◆ SOURCE MATERIAL ◆
━━━━━━━━

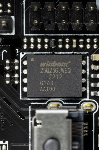 Материнская плата оснащена средствами связи хорошо. Имеется скоростной Ethernet-контроллер Intel i225-V, способный работать по стандарту 2,5 Гбит/с.
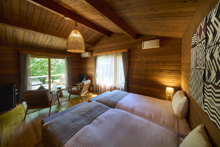 本プランでご案内するお部屋は、グランヴォー スパ ヴィレッジの「テントキャビン」か「テラスハウス」、「ホテルトリニティ書斎」からお選びいただけます。
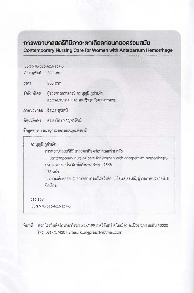 การพยาบาลสตรีที่มีภาวะตกเลือดก่อนคลอดร่วมสมัย = Contemporary nursing care for women with antepartum hemorrhage
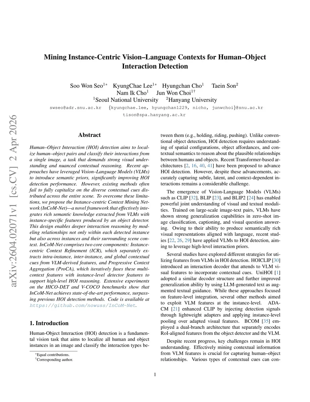 Mining Instance-Centric Vision-Language Contexts for Human-Object Interaction Detection
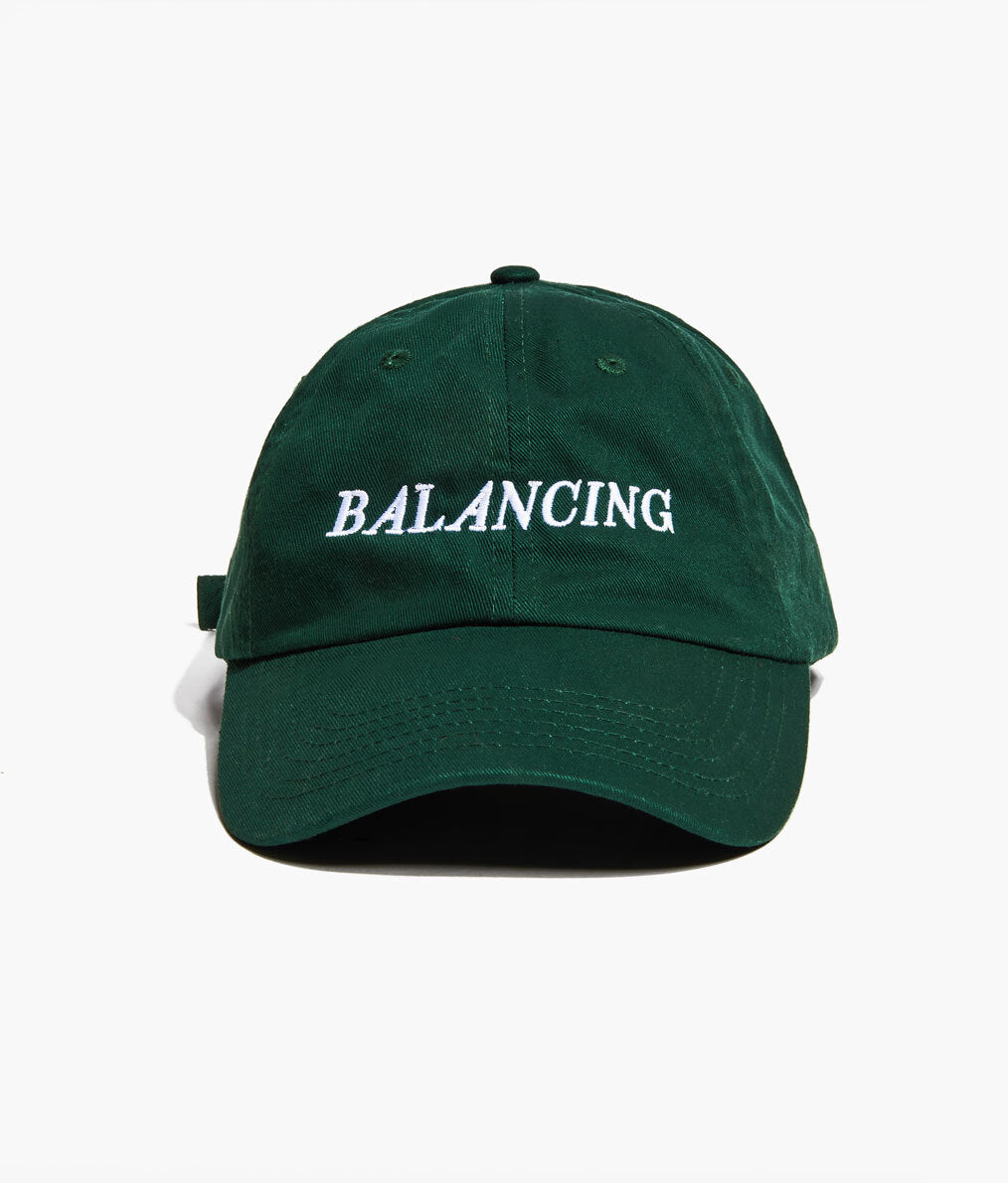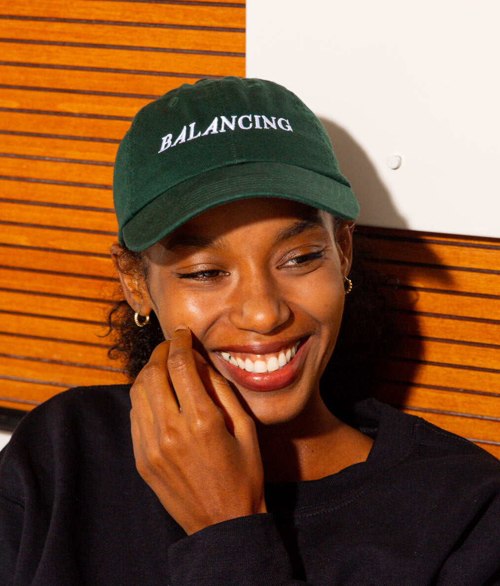 “Balancing” embroidered bio-washed green baseball hat. Created exclusively for Hormone Health Awareness Month, 10% of all sales will go to charity partner, I Support The Girls Flash Kits, for the month of September.
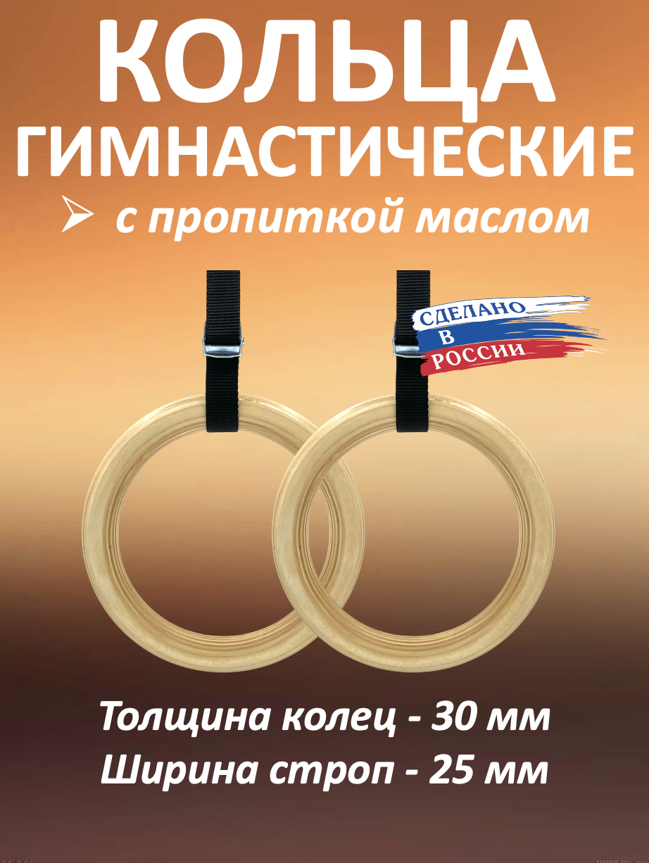 Кольца гимнастические из высококачественной влагостойкой березовой фанеры с масляной пропиткой на текстильных регулируемых стропах с фиксирующими пружинными замками.

━━━━━━━━

◆ PROBLEM TO WORK ON ◆
Only the lines from the one containing "month of September." through the last line of the data may appear in the answer, each given again exactly and with pictures left out.

◆ OUTPUT BELOW ◆
 “Balancing” embroidered bio-washed green baseball hat. Created exclusively for Hormone Health Awareness Month, 10% of all sales will go to charity partner, I Support The Girls Flash Kits, for the month of September.
 Кольца гимнастические из высококачественной влагостойкой березовой фанеры с масляной пропиткой на текстильных регулируемых стропах с фиксирующими пружинными замками.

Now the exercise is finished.